That's an awesome fish. You need a boga grip if you're going to be catching pigs like that! I'd have to know the weight.


----------



## wading_fool (May 3, 2005)

Awesome catch, good job on the Catch and Release as well.......I would guess her at or a smidge over 10 lbs as fat as she looks


----------



## Aggieangler (May 28, 2004)

Nice pig! WTG!


----------



## Javadrinker (Feb 13, 2008)

Way to go man, nice fish!


----------



## John Paul (Feb 22, 2006)

Congrats, Awsome fish.


Guys lets stop telling fish stories, she is 8.5 to 9 lbs max.


----------



## surfsideperson (Aug 22, 2005)

i agree, i doubt she goes any thing over 9.5


----------



## 007 (Mar 11, 2008)

Great job Tommy! We'll see if we can't go catch something just a little bigger!


----------



## Poon Chaser (Aug 22, 2006)

nice pig!!!!!


----------



## NateTxAg (Apr 11, 2006)

Is this the fish caught at churchhill you talked about in your surfside monday report?????


surfsideperson said:


> i agree, i doubt she goes any thing over 9.5


----------



## pelochas (Jun 15, 2005)

congrats on a beautiful fish


----------



## monkeyman1 (Dec 30, 2007)

awesome fish, congrats!


----------



## dennis_99 (Feb 27, 2006)

Great fish; congrats!


----------



## john66 (Aug 3, 2006)

congrats on a fish of a lifetime


----------



## tejastroutkilla (Jun 5, 2007)

nice hog! way to go!


----------



## GHSmacker (Feb 27, 2006)

That's a hell of a fish. 

One for a lifetime, no doubt.


----------



## The Machine (Jun 4, 2007)

what are the chances of a fish surviving when put on a stringer?


----------



## Greenheadless (Apr 23, 2006)

The Machine said:


> what are the chances of a fish surviving when put on a stringer?

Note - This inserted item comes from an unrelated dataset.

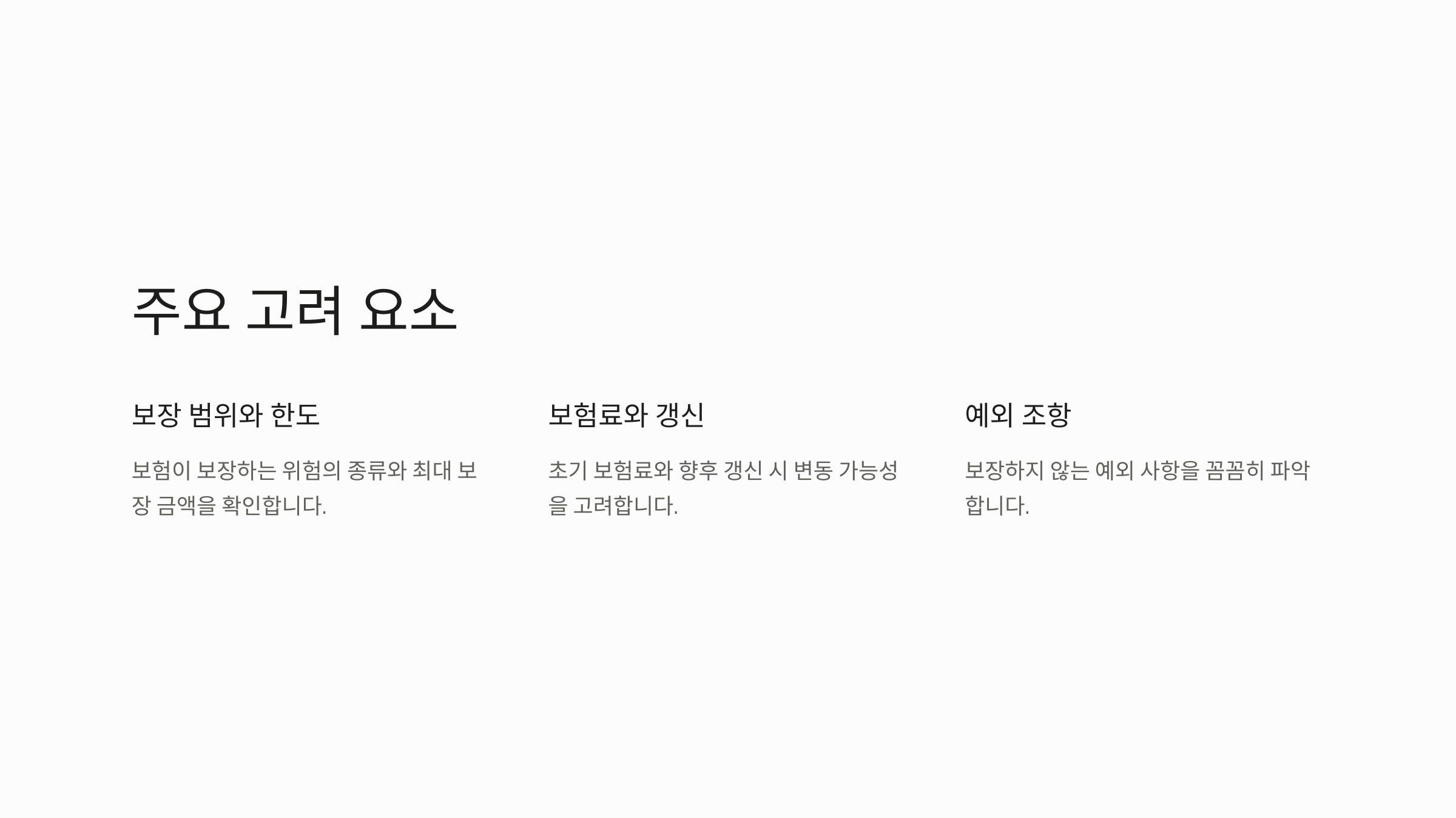 - 보험 가입 후 유지비용 및 갱신 조건 등을 사전 파악

It basically has no chance with that and being handled.


----------



## galvetraz (Nov 29, 2005)

You must read a lot of magazines.



Greenheadless said:


> It basically has no chance with that and being handled.


----------



## AgYak (Jun 29, 2004)

Actually several studies have been done and survival rates are surprisingly high even with prolonged time on the stringer. I congratulate the angler on the catch AND the release. Without that second part she has 0% chance and who wouldn't want to make it back to the boat for a picture.


----------



## juanpescado (Dec 22, 2006)

Greenheadless said:


> It basically has no chance with that and being handled.


A fish that old has been through alot worse than being handled a little and some pics , she'll be fine , awesome CATCH and release ...


----------



## Pittstop (Jun 20, 2007)

*Agree*



juanpescado said:


> A fish that old has been through alot worse than being handled a little and some pics , she'll be fine , awesome CATCH and release ...


I AGREE


----------